Micro vibrations are present in some complicated working environments, and the micro vibrations are key factors that affect machining or working precision of devices. The traditional passive vibration isolator consists of mass-spring-damping elements, but it cannot meet the vibration isolation requirement of precise machining as it has inherent contradictions between the low-frequency vibration transmissibility and the high-frequency vibration attenuation rate. Relative to a passive vibration isolation mechanism, active vibration isolation has greatly improved the performance of the system, but it requires a sensor-actuator pair and a corresponding active control system, which requires the active vibration isolation mechanism to have a simple structure, an efficient algorithm and lower power consumption.
In terms of the structure, the current mainstream micro vibration isolation or suppression devices are formed by connecting passive vibration isolation elements and active actuators in a certain manner. For example, means such as the active and passive composite use of an air spring and a voice coil motor, the active and passive composite use of a diaphragm spring and a voice coil motor, the active and passive composite use of a metal spring and a linear motor, effectively suppress the micro vibrations and have better low frequency and high frequency attenuation capability, but they all have the following problems:
1. Although the active and passive parallel mechanism of the air spring and the voice coil spring causes the vibration isolator to have the advantages of large stroke, high load, low natural frequency and so on, it has a complicated structure and needs to supply air continuously, and the voice coil motor has great power consumption, all of which are not conductive to applications in the space and thus restrict its application to the micro vibration suppression.
2. The active and passive parallel mechanism of the metal spring and the linear motor intends to obtain a lower natural frequency by using a compression spring, which has a higher requirement for the mounting precision and is also relatively difficult in enhancing the control precision.
3. An active vibration isolator designed and applied by employing piezoelectric ceramics as an actuating mechanism has the advantages of high frequency response, high positioning precision and long service life, but it also has the disadvantage of a smaller actuation stroke. Therefore, in practical use, it is often necessary to broaden its effective stroke in combination with technical means, leading to the increase in the cost and inconvenient use.
4. For the field of micro vibration suppression and isolation, wide frequency band and high frequency response are its main characteristics, and the piezoelectric actuator stands out. However, as the active vibration isolation mechanism that employs piezoelectric ceramics as an actuator has greater structural stiffness, it is mostly referred to as a “hard” structure. As a result, the natural frequency of the system is too high, and it is difficult to effectively suppress low-frequency vibrations.

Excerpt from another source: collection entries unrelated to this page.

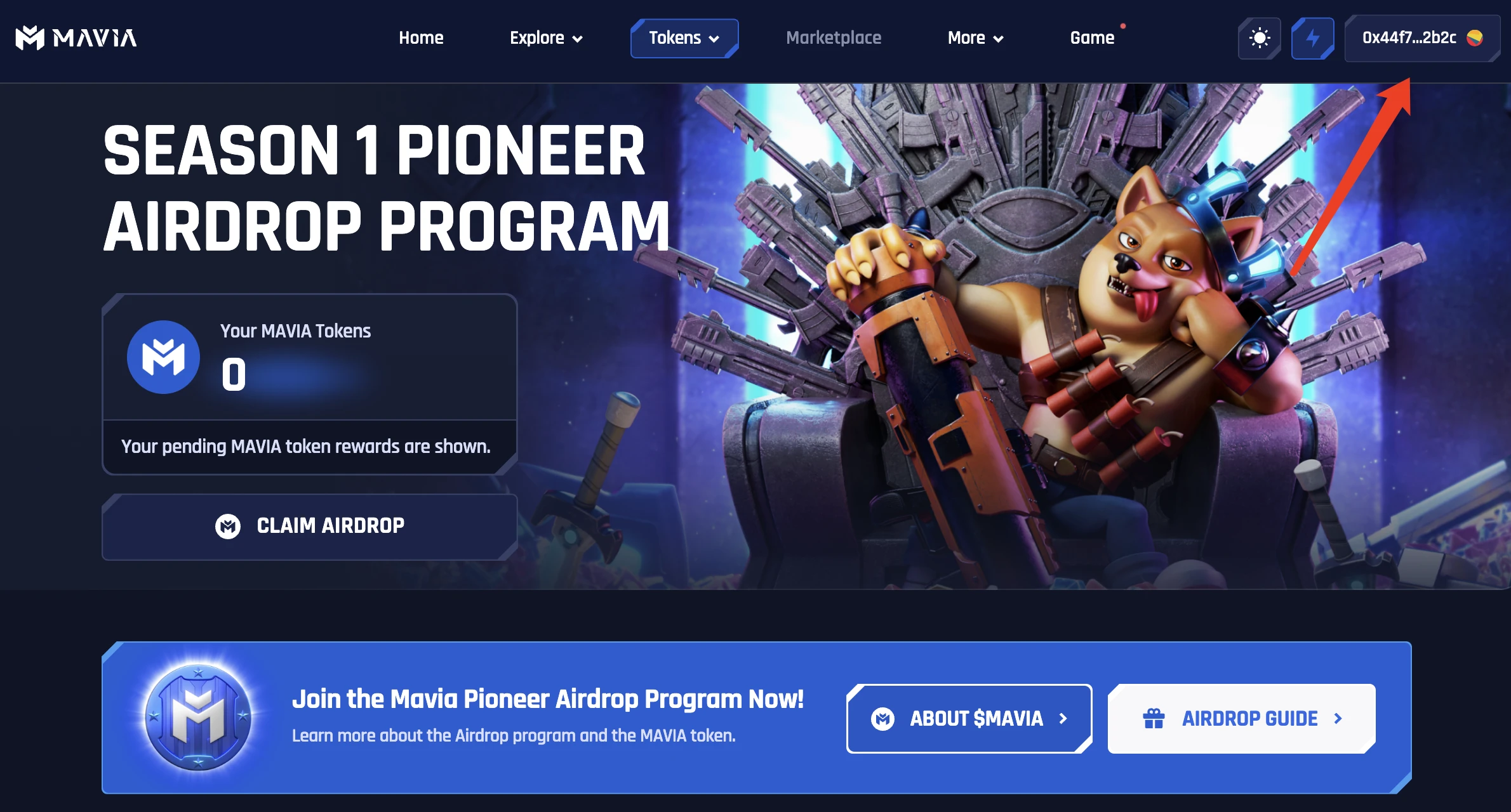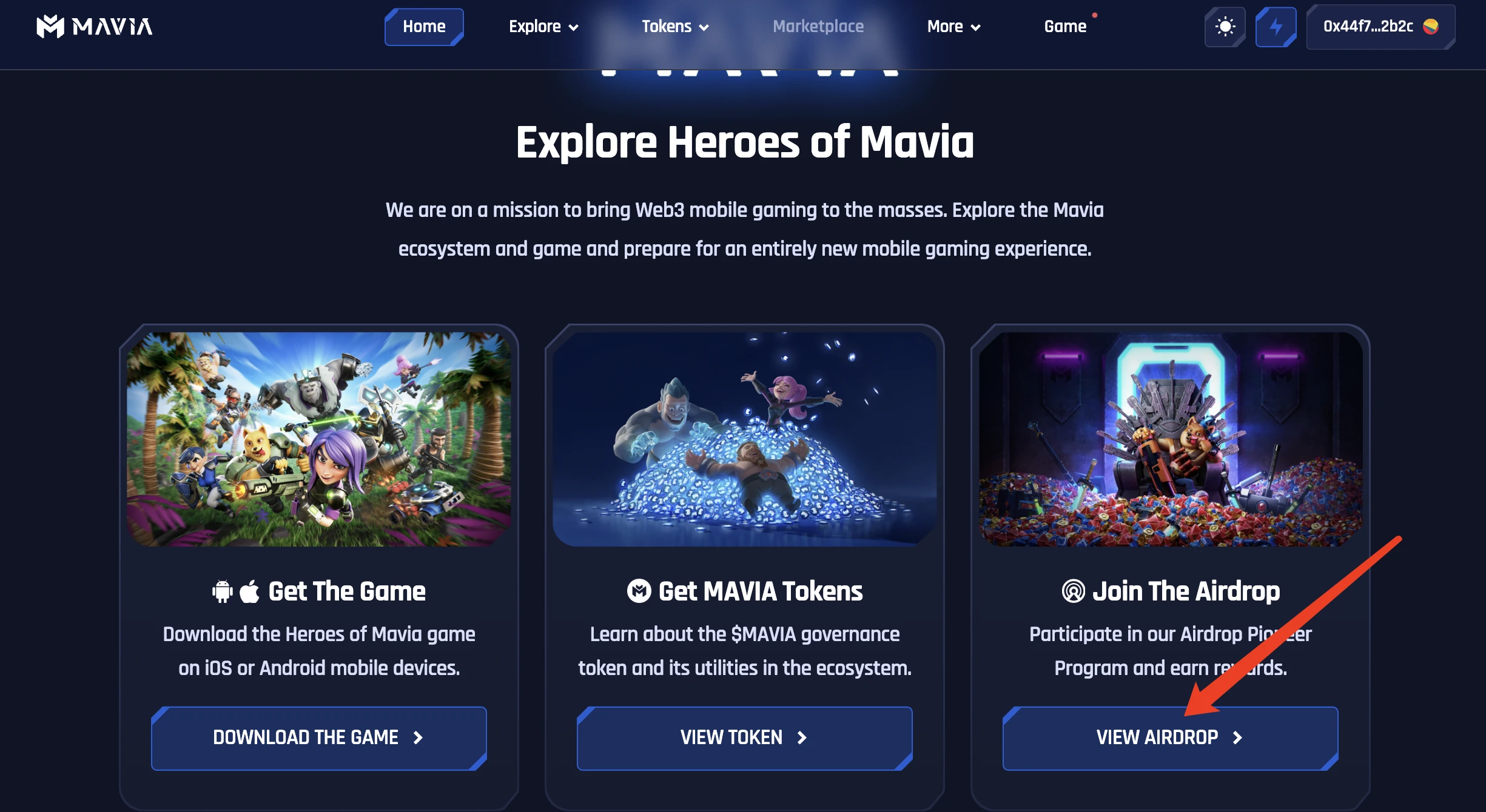 STEP 4. 转移到电脑端,登陆网站 http://Mavia.com 后,翻动页面点击“VIEW AIRDROP”。
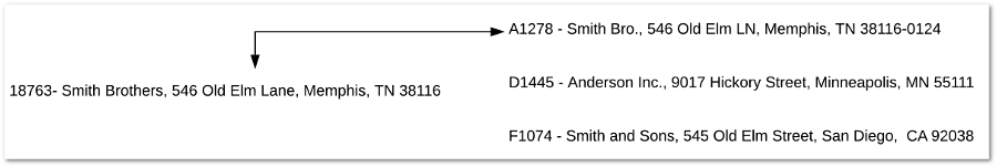 With a small sample set and our intuition, it looks like account 18763 is the same as account number A1278. We know that Brothers and Bro as well as Lane and LN are equivalent so this process is relatively easy for a person. However, trying to program logic to handle this is a challenge.
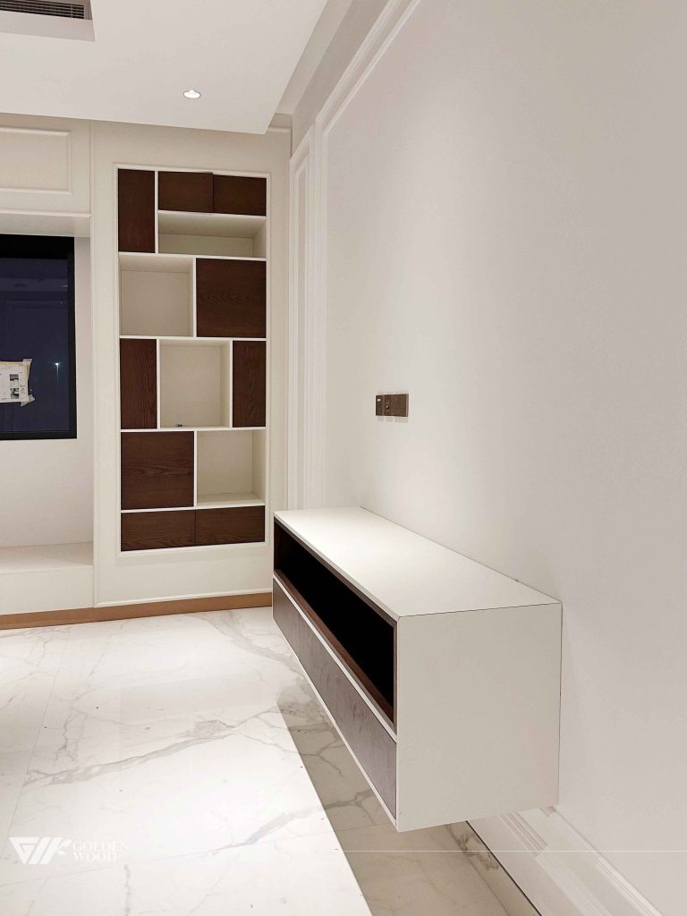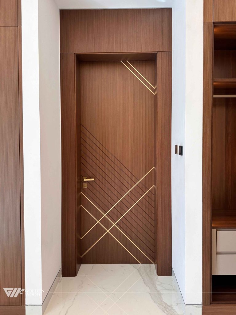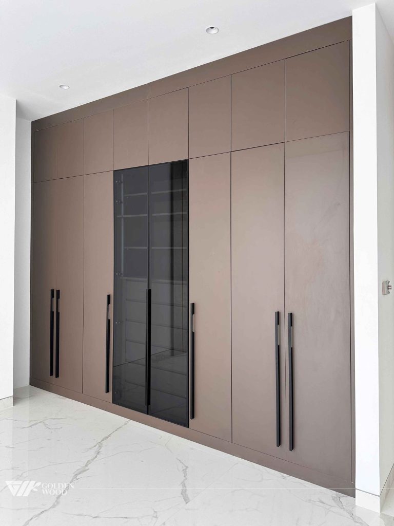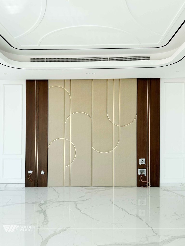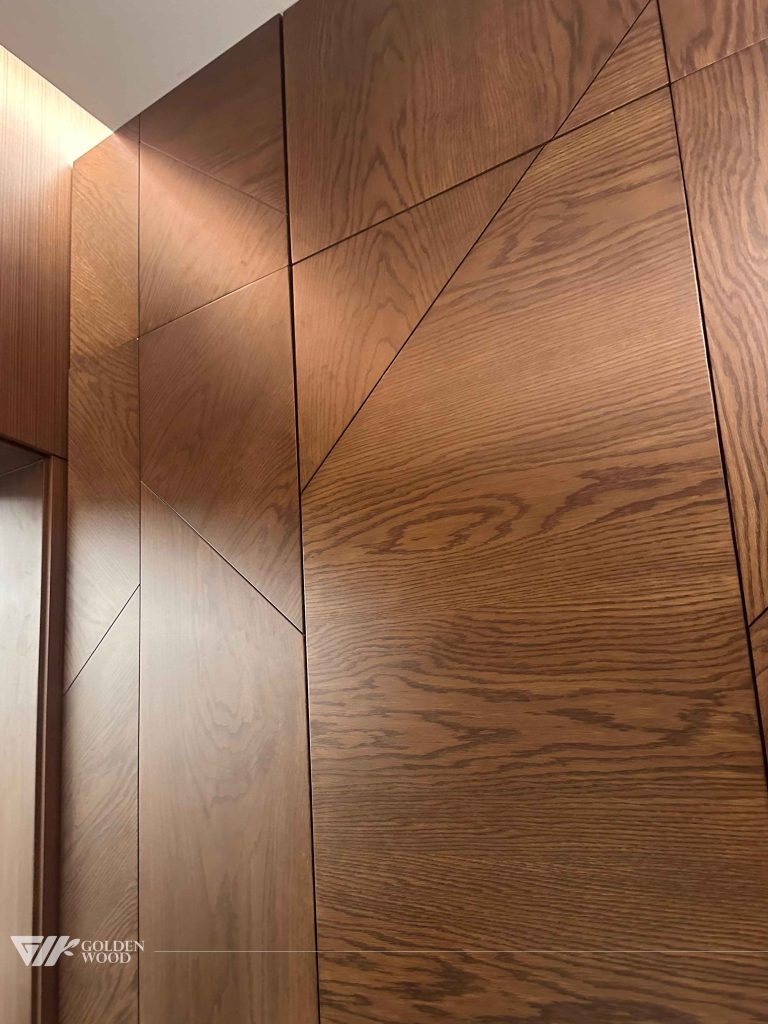 The GW24-172 Modern Oak Serenity project by Golden Wood features a luxurious and modern interior design, combining natural wood textures with sleek minimalist aesthetics. Custom cabinetry, intricate wall paneling, and elegant wardrobes are showcased with warm wood tones and refined detailing, including gold inlays and glass accents. The space is balanced with marble flooring and neutral color palettes, enhancing the overall sophistication. This project exemplifies high-end craftsmanship and contemporary elegance tailored to upscale residential environments.
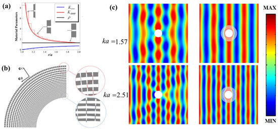 Design of acoustic cloaks with PMs: (a) design of acoustic cloaks with transformation acoustics and (b) properties of the unit cells to approximate the properties of the cloak [28].
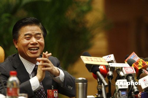 3月6日,出席十一屆全國人大二次會議的、廣東省省長黃華華在北京舉行記者招待會,接受中外記者的集體采訪。中新社發(fā) 盛佳鵬 攝
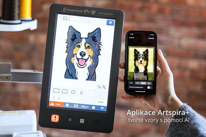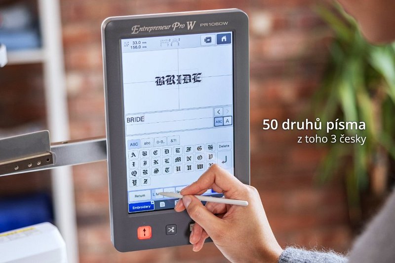 Špičkový desaťihlový vyšívací automat s vyšívacou plochou 360x200mm, funkciou kamery pre skenovanie a pozicovanie, komunikuje po slovensky, má české písma v pamäti a vie tvoriť vzory priamo v stroji
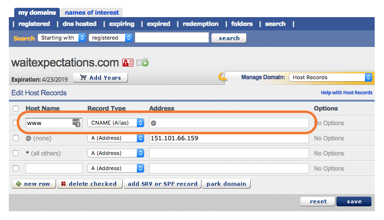 If you added the www version of your domain earlier, you’ll want to set up a CNAME record as well. A CNAME (aka canonical name) points a subdomain to another domain name.
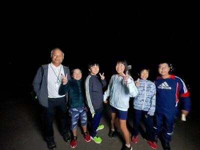 運動場に「150」という文字を書き、学年に分かれて人文字を作りました。
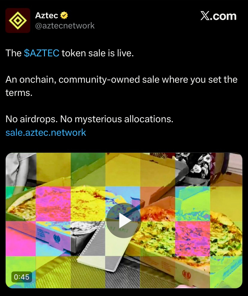 Privacy L2, Aztec Network announced AZTEC token sale registration using Uniswap’s CCA mechanism at $350M FDV floor with 14.95% supply available, tokens locked minimum 90 days with governance-controlled unlock and 12-month backstop, public sale starts on December 2.
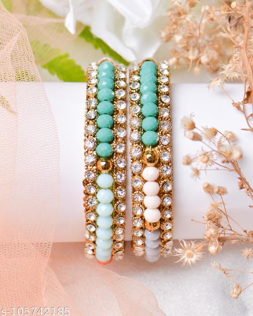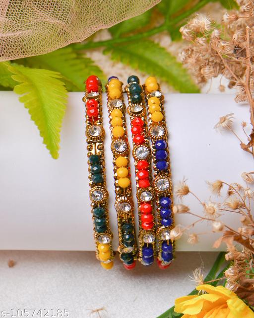 Name: Shining Diva Latest Antique Multicolor Hanging Jhumka Set Bangles for Women and Girls Pack Of 4
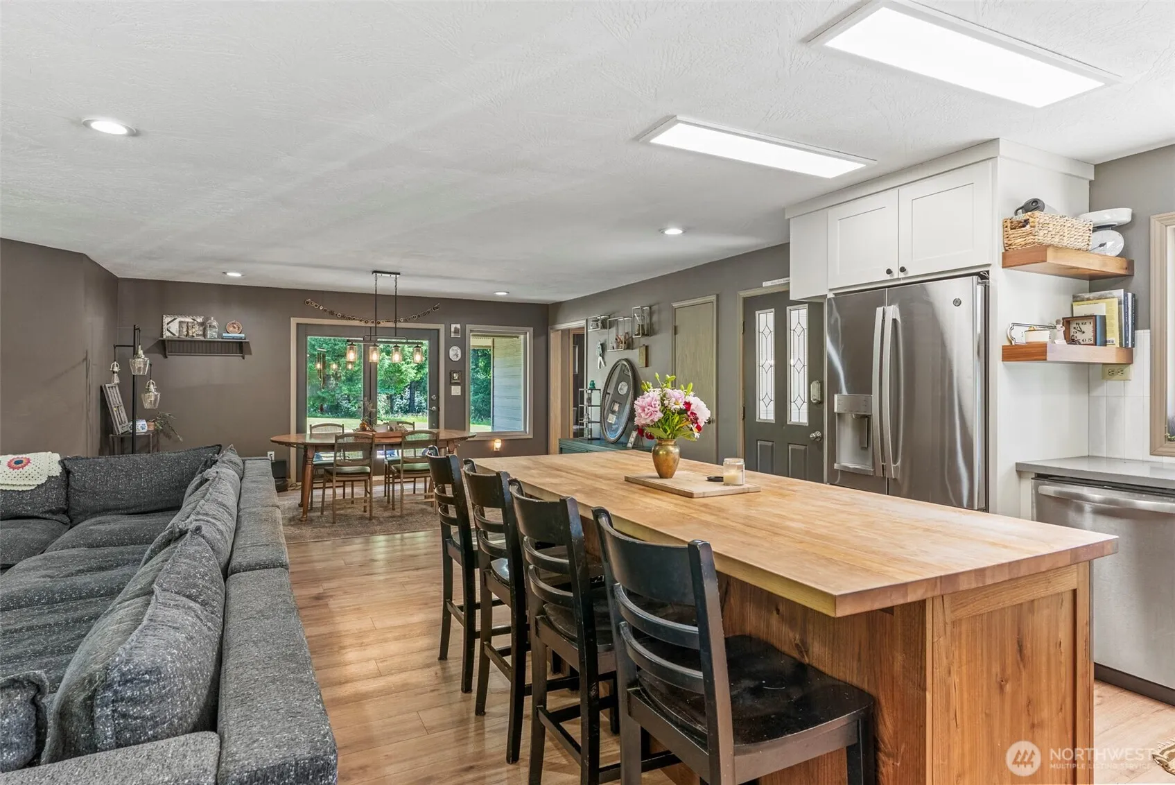 Looking for a move-in ready, one-level home with space to roam? This nicely updated home on 2 acres offers the perfect blend of comfort and convenience. Easy commute to I-5 and downtown Castle Rock. Featuring a spacious open-concept layout, ideal for gatherings and everyday living. The custom kitchen boasts a butcher block island, new appliances, ample cabinetry, flowing into a generous dining area.The home offers 3 bedrooms plus a bonus room with a separate entrance, perfect for a home office or business. Additional highlights include a walk-in pantry, heat pump, utility room, detached garage, outbuilding, paved driveway, covered patio, deck of primary & expansive yard to enjoy & play. Close in location with a country living feel.
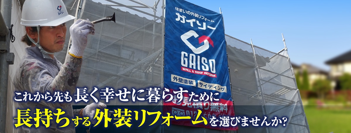 わたしたちガイソーは、プロの視点から、いかにしてお客様の家の耐久性を長く維持させられるかを第一に考え、最適なプランをご提案致します。 外装リフォームをご検討の方は、どうぞお近くのガイソーまでご相談いただければ幸いです。
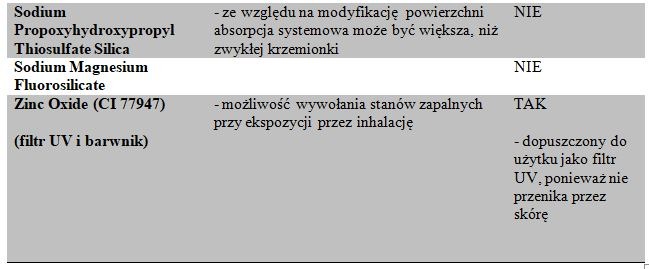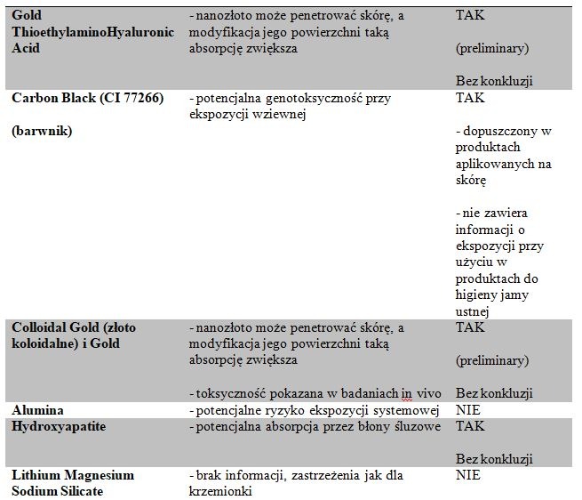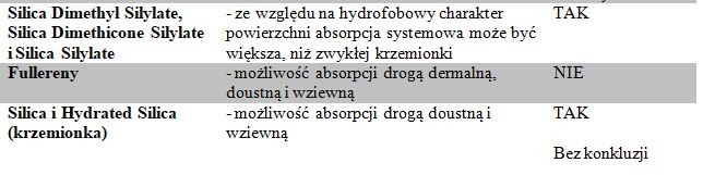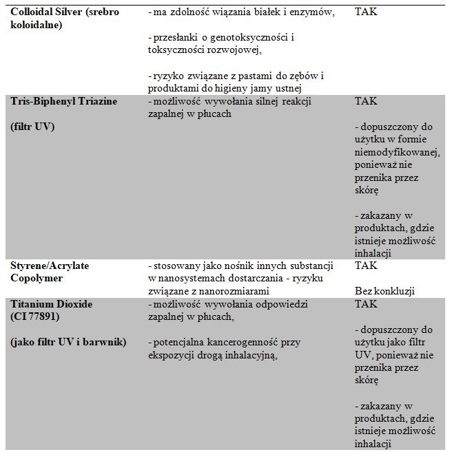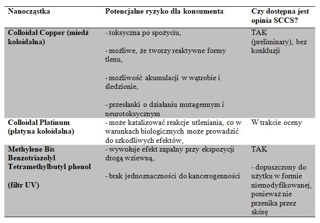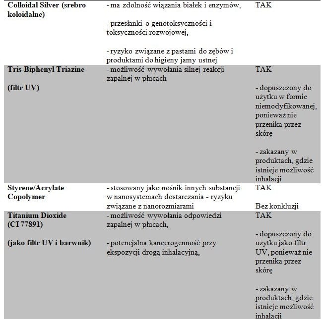 Jak widać, większość opinii jest bez konkluzji z powodu braku wystarczających danych. Najbardziej ryzykowną drogą ekspozycji jest natomiast droga wziewna, stąd nie powinno stosować się nanocząstek w produktach aerozolowych i sprayach.

The Patent Document CN102168738B recorded in the State Intellectual Property Patent Office of China discloses a six-degree-of-freedom active and passive dynamic vibration absorbing device, which consists of six motor-actuated single-degree-of-freedom dynamic vibration absorbers, has active and passive control modes and can adapt to multi-degree-of-freedom complicated vibration suppression working conditions, but has special mounting requirements for occasions of use. Moreover, the motion of each degree of freedom requires two vibration absorbers to act at the same time, the requirement for synchronous control precision is higher, and the manufacturing difficulty and the use restriction are greater.